Nice! Shouldn't be much harder to make a good cardboard SHMUP setup, eh? Playing Gunbird or Strikers 1945 would be awesome like this!
@Stemage Awesome! I utterly love it
Hellz yea, one cardboard box for pinball and one for vertical shumps If I had a hdmi monitor that I wasn't using every day I would've tried this same setup myself, but then with some cheap plywood I think.
@Stemage mate awesome! What a sweet idea this may b the affordable pinball cabinet for me! Can't wait to see the updated non-cardboard edition.

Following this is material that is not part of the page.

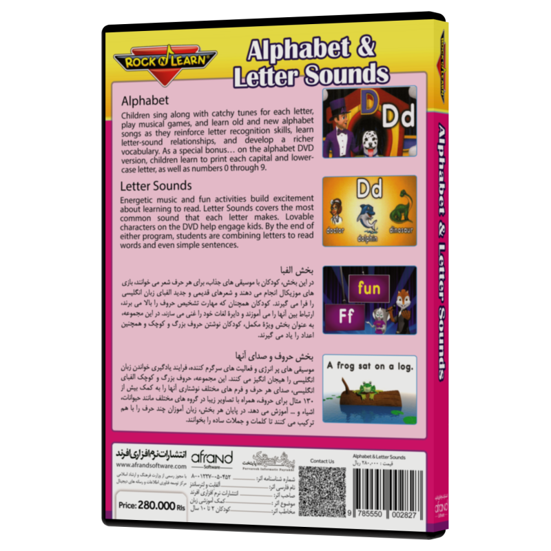 آموزش حروف بزرگ و کوچک الفبای انگلیسی، صدای هر حرف و فرم های مختلف نوشتاری آنها ارائة بیش از 130 مثال برای حروف همراه با تصویر در گروه های مختلف مانند: حیوانات، اشیاء و ... آموزش نوشتن حروف و اعداد آموزش همراه بازی با حروف و کلمات

A Labo Pinball table peripheral could be brilliant. Especially if Nintendo then shared the code with Pinball FX3 to allow for it to work with all of their tables.
That's great.
We did "Card Board Jam" in in Aalborg a few years back where people built their own cabinets in a similar fashion, just for their own games.
It was all very silly and very fun.
Wow. That’s cool. Iwas going to build a Virtual Pinball table as my next project, but this is so much easier. Thanks for posting the video!
@NEStalgia Kiwico site is working again.
Everything about the picture at the top of the page - the orange box, the kid playing with cardboard on the floor, the font they used for laboratory - looks like a Labo ad to me. It's like Nvidia Shield all over again.
https://www.kiwico.com/tinker
This vid of the guy who looks like he's from Ntinedo Minute talking about a kid building a cardboard trebuchet outside could also pass for a Labo ad.
@Stemage Definitely, as long as they work, the cheaper the better for this sort of thing. I may have a Summer project... thanks for trying this. Will enjoying seeing how it turns out.
This looks amazing, I love custom controllers! And haha, Nintendo should totally release a "Controller Kit" for Labo at some point. Makes that thing worthwhile for at least something.